How different the echoes of the Great War sound
10.11.2020
Article by Jan Rokita on the occasion of the Independence Day. Published in the monthly magazine “Wszystko Co Najważniejsze” (Poland) as part of a historical education project of the Institute of National Remembrance.
HEADLINE: Poland immersed in history. It will make us understand why over a million of Ukrainian immigrants, who have been welcomed here with open arms, live and work in Poland. Also, we will find out about at the European Union summit where the Polish Prime Minister is (successfully) striving for a plan of extensive economic support for Belarus.
TITLE: How different the echoes of the Great War sound
AUTHOR: Jan ROKITA
EXCERPT: The political mission of the contemporary Polish state has been built due to a specific "transmission" of the Union to the East. Being unaware of this fact, it is utterly impossible to understand Polish policy of the last 25 years.

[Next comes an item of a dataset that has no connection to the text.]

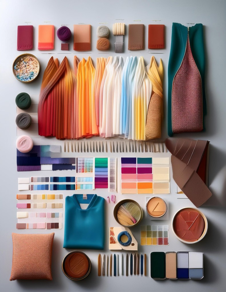 My third use of AI within the project was used to generate the sample images of clothing and product inspiration. I began with the prompt “create a brand kit graphic for a behind the scenes look into a clothing company and include colors, fonts, and design elements.” With this, I was expecting a very straightforward graphic, similar to what I created, that clearly laid out each of the elements in the prompt. Instead, the AI generator created a realistic style image that included fabric, yarn, pieces of clothing, fabric swatches, and zippers. From this, I decided to use the eraser tool and quick selection tool to cut out the specific elements I wanted to include in my design. Then, I used the spot healing brush to clean up the random brush strokes that were generated, and overall make the elements look realistic. Ultimately, I went back to AI and used it to generate several other images of different clothing samples to use as inspiration/mock up pieces.

The famous book The Sleepwalkers, by British professor Christopher Clark, investigates World War I, diagnosing it to be more of a tragedy than a crime. The Great War was started by the title "sleepwalkers", unaware of the historical scale of the catastrophe they had perpetrated. Not only the hecatomb of victims and the scale of the destruction turned out to be catastrophic but also, above all, the collapse of the European political order, admired by many to the present day as the "beautiful 19th century". Six years ago, when the centenary of that war took place, Clark's book became the "political bible" of politicians and intellectuals who, smacking their lips with appreciation, discussed its theses at countless conferences, always concluding with the same caution against repeating the "sleepwalking" precedent. Looking from the Western European perspective of „la belle époque”, which was brutally interrupted by that war, one may say that this kind of narration dictated to Europe by Clark is not only logical but also holds the value of moral nobility. However, this narrative must struck the Pole by the radical difference of the 20th century experience in Central and Eastern Europe. The difference that a contemporary French, Italian or even German probably is not aware of, not to mention he or she would accept it.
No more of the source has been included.